I can't fathom needing to remove this grate. It hasn't been removed in 20 years.

brainmouse is right - it's impossible to use an anchor or anything. The edge of drywall that the screw was dubiously screwed into has disintegrated into drywall dust over the years.

The grate leads to a metal duct, there is no access to joists. I can't put anything across the hole (a la pipeski) because the hole is exactly the size of the duct.

I wouldn't worry about this whole situation, really, except the gap seems to be getting bigger and either hot or cold air is being pushed through the grate at a fairly strong gust-factor, off and on (as the heat/AC cycles), 300 days a year or so. I have no real confidence in the integrity of the second screw.

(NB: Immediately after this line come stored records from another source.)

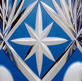 カットとは、ガラスの表面を各種のグラインダーで削って、幾何学的なパターンを彫り込む技法で、基本的には菱カット、カマボコカット、角山カットの3種類で構成されています。カットはクリスタルガラスの17世紀後半、イギリスで発明された鉛クリスタルの光沢とカット部分の反射の美しさを巧みに生かした製品を創り上げ、たちまちヨーロッパ全土を風靡しました。以来、今日に至るまで、カットは鉛クリスタルの最も主要な加工技術として、不動の地位を占めています。カットグラスのクリスタルは、光線屈折率の大きいもの、つまり良質のものでなければせっかくの技術が引き立ちません。カガミクリスタルのカットグラスの彫りの深さ、精密さやシャープさ、デザインの格調の高さは、戦前からすでに定評あるところです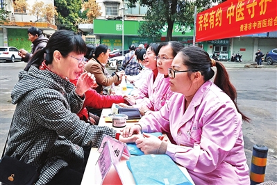 3月8日上午,市中西医结合骨科医院联合港北区西江街道小江社区卫生服务中心开展“芳华有约 中医守护”三八国际妇女节健康关爱义诊活动,免费为社区居民特别是女性居民提供中医健康咨询、养生讲座、养生茶饮以及针灸、拔罐、刮痧等服务。图为活动现场。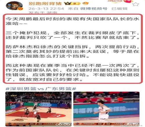 赛后,媒体人别跑刚背猪,在个人社媒发文痛斥周鹏的掩护动作,配文:今天周鹏最后时刻的表现有失国家队队长的水准哈~~三个掩护犯规,全部发生在裁判眼皮子底下,还好裁判只吹了一个,不然比赛早就结束了。防萨林杰和徐杰的关键挡拆,两次提前行动,第二次莫名其妙的提前出来大延误,等于是在给徐杰指路怎么打这个挡拆。而这种表现在赛季当中已经不是一次两次了,作为前国家队队长,在关键时刻屡犯这种原则性错误,应该要好好检讨哈。不能说我快退役了,就放宽对自己的要求。
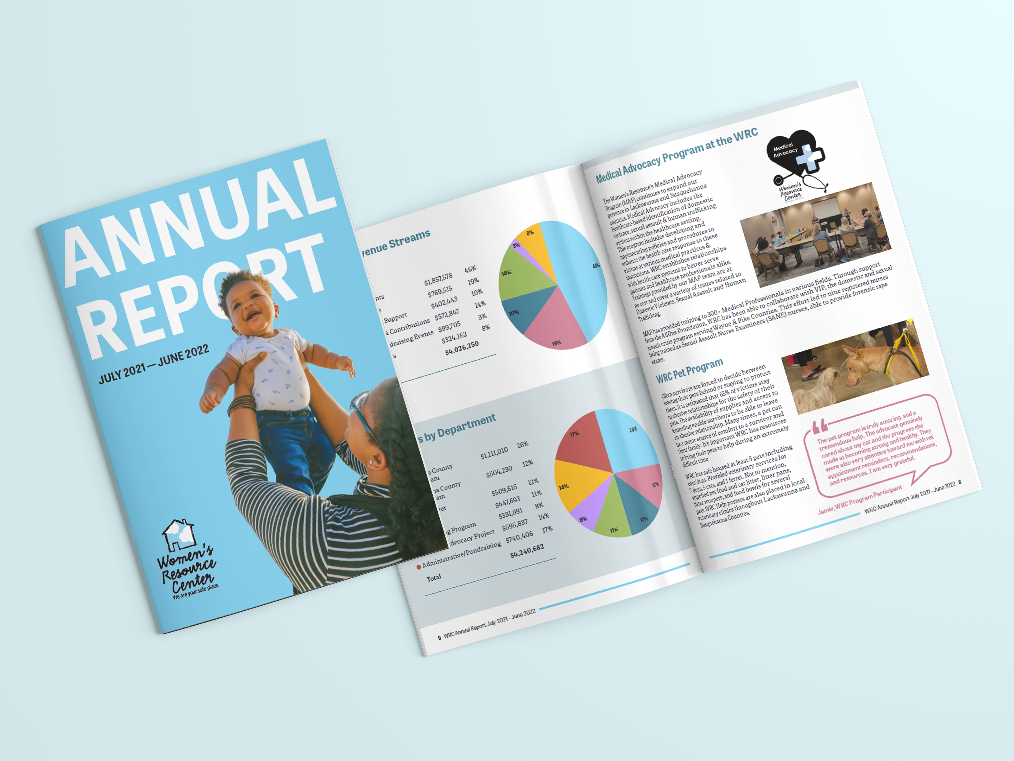 I lead the Women's Resource Center 14-page annual report design from concept, copy, and design—to pre-flighting and coordinating the final print project with the printers.

Since I am not (a) very handy (b) interested in doing intensive over-my-head repairs while standing on my bed, I'm still holding out hope for a sticky solution...
posted by nkknkk at 1:35 PM on September 4


sugru is definitely not going to work for this task.

If there's a stud on the crumbly side anywhere nearby, you could always get a really long screw and screw it at an angle. That's probably the easiest solution.

Another easy solution is to just take off the grate. Ugly, but easy. A temporary fix until you get something better?

Since you want a sticky solution, I think gorilla tape would do the job - it's like uber duct tape. Take the grate off, clean the back of it really well with rubbing alcohol so the tape can stick (and the side of the duct), tape the backside of the grate to the duct on the side that's messed up, and screw the screw back in on the other side. If you're careful it shouldn't be noticeable from the front.
posted by zug at 3:29 PM on September 4


String/rope is another possibility if there's something to tie it to anywhere around.
posted by zug at 3:31 PM on September 4


If there's a duct, the grate should screw to that, not the drywall. Look closely and see if there is a metal flange on the duct for a screw to screw into. Can you just tighten that screw that's up there now? Are you sure it hasn't just vibrated loose over the years and is still screwed into something solid and just needs to be tightened?

If it is just screwed into the drywall and the drywall has crumbled away over the years, just drill a hole through the flange where there is solid drywall underneath and screw it in there.